**INSTRUCTIONS TO FOLLOW**
Only the lines below, from the one with "Back-of-door space is" through the one with "Alt Text (Texto", are to be written out, exactly.

**DATA SECTION**
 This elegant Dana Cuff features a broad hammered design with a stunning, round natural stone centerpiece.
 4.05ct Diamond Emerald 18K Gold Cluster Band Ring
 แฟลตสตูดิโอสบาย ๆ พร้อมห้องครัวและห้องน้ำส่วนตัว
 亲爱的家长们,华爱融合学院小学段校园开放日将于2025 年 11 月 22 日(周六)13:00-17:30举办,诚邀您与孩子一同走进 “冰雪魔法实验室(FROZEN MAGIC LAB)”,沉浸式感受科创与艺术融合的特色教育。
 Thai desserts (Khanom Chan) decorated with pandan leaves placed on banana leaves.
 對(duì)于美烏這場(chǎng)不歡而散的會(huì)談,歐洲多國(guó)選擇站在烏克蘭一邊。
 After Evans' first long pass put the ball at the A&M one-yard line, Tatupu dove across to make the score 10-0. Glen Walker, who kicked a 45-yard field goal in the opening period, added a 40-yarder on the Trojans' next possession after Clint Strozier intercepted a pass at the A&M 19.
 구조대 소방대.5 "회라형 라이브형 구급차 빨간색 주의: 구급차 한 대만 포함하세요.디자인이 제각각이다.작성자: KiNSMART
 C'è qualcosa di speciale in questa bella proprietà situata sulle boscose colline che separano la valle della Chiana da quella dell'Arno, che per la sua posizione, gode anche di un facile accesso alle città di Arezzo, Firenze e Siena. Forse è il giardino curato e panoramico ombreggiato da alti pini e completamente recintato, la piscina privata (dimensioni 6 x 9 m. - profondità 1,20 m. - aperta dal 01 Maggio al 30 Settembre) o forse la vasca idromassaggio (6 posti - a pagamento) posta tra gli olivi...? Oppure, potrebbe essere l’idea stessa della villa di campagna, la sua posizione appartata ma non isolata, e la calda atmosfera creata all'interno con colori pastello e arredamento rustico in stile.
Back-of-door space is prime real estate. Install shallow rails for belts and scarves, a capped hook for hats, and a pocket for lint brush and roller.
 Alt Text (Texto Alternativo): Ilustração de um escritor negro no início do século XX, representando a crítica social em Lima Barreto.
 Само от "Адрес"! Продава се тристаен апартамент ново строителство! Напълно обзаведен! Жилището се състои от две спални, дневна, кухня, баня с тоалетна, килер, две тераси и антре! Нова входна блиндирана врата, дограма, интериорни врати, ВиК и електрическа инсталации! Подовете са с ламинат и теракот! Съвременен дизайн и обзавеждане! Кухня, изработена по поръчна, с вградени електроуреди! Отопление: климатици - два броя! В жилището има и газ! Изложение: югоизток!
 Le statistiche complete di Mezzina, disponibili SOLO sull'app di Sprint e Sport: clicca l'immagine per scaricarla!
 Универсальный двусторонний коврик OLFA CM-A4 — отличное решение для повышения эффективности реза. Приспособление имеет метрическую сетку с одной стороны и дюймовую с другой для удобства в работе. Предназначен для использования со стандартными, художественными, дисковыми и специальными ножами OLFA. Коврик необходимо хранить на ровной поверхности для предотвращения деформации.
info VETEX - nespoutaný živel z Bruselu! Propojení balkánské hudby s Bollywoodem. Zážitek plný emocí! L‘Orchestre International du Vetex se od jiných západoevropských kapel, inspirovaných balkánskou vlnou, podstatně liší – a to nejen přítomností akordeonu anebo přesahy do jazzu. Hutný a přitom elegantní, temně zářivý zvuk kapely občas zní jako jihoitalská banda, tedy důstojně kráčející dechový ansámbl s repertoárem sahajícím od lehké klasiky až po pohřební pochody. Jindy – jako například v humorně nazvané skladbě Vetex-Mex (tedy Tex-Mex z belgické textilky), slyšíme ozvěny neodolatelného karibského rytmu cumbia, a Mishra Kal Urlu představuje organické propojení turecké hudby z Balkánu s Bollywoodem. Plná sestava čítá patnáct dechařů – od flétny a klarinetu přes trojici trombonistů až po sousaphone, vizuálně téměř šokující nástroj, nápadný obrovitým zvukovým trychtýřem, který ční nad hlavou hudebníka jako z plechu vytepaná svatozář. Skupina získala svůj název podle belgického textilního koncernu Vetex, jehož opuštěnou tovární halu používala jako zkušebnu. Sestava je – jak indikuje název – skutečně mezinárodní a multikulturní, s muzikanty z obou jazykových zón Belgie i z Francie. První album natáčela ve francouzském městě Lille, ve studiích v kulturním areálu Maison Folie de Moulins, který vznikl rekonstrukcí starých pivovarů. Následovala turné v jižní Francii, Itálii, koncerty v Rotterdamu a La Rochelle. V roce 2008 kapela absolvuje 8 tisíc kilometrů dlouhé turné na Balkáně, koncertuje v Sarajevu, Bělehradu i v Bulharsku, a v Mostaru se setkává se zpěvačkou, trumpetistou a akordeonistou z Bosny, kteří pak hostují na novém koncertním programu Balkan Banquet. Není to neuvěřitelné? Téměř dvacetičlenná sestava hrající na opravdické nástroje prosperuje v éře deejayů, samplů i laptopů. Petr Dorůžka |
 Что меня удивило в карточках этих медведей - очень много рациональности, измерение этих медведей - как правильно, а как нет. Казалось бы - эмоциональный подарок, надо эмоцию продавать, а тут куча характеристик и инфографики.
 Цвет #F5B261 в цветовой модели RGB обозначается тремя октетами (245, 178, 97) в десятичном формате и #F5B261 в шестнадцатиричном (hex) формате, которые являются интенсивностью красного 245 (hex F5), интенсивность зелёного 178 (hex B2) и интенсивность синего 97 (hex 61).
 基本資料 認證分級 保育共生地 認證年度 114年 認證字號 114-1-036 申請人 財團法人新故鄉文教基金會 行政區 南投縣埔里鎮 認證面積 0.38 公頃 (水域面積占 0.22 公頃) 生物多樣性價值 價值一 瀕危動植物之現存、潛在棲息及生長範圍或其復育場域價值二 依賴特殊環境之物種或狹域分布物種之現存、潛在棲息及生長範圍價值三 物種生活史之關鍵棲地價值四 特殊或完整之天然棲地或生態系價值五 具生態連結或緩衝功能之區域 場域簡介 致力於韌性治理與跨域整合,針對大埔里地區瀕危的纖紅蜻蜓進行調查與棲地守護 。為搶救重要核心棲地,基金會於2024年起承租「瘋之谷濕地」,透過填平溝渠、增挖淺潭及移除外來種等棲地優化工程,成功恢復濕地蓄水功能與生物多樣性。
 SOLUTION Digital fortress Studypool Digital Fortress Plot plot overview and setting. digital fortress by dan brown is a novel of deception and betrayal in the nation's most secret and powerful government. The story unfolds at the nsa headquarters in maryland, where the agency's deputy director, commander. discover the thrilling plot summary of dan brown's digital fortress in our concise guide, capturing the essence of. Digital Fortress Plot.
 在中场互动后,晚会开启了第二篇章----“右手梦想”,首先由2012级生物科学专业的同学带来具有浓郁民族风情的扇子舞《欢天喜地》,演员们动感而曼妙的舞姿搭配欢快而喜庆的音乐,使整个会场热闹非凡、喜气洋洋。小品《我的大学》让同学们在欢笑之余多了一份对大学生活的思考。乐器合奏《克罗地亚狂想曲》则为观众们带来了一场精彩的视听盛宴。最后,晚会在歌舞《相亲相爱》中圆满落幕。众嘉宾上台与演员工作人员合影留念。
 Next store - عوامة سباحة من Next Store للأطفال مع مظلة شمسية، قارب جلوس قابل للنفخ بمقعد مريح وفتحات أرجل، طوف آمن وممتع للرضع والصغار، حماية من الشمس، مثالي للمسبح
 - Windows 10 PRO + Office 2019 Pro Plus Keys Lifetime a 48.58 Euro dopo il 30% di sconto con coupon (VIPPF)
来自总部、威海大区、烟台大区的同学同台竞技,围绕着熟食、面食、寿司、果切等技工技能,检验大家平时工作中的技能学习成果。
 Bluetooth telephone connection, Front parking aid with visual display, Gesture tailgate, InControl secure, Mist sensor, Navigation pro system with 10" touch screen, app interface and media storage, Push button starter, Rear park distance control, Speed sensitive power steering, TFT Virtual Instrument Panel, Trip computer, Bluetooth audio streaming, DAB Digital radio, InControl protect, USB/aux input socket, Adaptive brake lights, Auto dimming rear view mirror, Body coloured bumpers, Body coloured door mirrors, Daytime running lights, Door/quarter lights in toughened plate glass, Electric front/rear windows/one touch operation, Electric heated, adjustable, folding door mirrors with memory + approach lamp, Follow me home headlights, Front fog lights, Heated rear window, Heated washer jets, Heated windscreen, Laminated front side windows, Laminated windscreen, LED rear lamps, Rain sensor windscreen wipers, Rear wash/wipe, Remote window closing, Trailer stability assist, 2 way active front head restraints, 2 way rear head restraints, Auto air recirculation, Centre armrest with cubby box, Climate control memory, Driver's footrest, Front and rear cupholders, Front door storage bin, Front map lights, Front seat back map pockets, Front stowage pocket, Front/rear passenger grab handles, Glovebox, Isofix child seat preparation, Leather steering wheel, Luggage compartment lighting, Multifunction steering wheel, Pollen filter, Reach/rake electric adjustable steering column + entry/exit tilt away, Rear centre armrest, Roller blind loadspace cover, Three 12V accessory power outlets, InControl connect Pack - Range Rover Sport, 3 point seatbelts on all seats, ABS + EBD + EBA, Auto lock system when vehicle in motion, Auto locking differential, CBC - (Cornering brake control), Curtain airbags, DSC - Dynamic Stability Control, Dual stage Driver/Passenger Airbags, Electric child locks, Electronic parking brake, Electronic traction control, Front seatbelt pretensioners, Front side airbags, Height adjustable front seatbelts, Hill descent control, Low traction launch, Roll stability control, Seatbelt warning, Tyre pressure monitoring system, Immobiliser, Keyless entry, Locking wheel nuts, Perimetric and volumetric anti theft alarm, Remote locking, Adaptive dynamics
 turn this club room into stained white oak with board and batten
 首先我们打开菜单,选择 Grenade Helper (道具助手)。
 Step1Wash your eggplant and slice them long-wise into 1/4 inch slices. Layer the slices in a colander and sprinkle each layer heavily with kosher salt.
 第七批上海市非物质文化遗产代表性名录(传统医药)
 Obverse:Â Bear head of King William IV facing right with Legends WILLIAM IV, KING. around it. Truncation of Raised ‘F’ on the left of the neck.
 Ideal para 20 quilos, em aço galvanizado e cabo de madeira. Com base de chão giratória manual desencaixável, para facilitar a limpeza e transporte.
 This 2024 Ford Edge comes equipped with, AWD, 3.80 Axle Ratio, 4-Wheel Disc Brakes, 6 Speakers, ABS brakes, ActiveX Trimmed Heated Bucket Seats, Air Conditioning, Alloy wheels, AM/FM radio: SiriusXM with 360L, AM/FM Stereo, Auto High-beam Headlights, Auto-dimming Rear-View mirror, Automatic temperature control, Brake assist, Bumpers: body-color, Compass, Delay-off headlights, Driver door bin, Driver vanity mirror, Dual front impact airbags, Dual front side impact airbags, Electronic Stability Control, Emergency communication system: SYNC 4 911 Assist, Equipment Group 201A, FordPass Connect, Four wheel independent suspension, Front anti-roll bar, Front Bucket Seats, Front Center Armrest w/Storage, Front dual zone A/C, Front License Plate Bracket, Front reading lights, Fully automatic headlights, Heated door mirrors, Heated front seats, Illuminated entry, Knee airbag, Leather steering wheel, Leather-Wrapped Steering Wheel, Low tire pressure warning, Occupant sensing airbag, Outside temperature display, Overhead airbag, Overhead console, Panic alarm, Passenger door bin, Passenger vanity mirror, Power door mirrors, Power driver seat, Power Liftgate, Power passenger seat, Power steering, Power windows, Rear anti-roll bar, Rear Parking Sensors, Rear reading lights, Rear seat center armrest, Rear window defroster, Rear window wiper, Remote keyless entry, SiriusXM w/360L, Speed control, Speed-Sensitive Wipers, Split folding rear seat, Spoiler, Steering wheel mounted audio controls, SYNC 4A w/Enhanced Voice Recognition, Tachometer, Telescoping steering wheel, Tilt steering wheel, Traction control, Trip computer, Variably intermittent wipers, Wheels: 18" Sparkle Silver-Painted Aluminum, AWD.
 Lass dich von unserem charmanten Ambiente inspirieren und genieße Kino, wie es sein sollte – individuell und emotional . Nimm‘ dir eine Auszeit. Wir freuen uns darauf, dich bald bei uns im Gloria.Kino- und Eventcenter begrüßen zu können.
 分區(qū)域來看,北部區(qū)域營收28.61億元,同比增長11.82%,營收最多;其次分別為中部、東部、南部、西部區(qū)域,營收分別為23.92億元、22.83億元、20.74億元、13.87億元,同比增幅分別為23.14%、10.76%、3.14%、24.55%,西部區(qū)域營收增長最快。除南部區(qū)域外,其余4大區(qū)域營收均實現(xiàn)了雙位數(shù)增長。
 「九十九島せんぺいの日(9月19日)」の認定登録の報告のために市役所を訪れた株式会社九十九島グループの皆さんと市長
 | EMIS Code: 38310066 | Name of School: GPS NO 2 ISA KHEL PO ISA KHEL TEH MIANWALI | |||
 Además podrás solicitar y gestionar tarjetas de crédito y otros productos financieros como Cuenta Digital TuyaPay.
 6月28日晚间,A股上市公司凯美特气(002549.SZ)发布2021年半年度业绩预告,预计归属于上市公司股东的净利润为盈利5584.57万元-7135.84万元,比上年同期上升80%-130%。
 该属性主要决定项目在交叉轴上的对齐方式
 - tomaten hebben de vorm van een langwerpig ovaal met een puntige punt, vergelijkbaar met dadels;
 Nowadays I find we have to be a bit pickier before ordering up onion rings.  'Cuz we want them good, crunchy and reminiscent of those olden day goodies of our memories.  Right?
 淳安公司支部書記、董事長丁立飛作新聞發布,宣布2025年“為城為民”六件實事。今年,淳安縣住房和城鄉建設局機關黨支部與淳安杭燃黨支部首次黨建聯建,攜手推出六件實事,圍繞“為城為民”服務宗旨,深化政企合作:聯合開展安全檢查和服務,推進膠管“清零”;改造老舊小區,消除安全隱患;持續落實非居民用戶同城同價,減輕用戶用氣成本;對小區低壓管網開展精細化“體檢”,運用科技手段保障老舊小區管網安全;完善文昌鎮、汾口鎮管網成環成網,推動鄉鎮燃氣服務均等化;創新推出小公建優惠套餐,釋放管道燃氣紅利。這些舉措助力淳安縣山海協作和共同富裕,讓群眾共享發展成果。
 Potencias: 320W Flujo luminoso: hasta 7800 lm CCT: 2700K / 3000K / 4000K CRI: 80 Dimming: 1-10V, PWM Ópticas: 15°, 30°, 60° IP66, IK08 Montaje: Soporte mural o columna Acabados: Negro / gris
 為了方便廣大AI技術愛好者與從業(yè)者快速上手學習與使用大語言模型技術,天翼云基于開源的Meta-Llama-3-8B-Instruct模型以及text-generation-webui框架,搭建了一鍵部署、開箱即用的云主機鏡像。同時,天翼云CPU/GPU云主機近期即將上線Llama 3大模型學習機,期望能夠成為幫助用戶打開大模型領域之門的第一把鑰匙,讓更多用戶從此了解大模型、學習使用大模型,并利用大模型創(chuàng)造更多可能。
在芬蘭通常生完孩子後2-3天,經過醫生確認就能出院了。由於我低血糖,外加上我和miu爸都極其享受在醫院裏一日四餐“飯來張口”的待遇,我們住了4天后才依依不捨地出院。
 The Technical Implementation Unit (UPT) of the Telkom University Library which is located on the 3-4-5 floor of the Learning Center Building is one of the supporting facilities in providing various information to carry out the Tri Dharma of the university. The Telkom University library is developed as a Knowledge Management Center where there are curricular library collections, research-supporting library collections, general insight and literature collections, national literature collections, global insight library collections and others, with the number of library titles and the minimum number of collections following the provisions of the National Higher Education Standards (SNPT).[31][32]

**PROBLEM SOLUTION**
Back-of-door space is prime real estate. Install shallow rails for belts and scarves, a capped hook for hats, and a pocket for lint brush and roller.
 Alt Text (Texto Alternativo): Ilustração de um escritor negro no início do século XX, representando a crítica social em Lima Barreto.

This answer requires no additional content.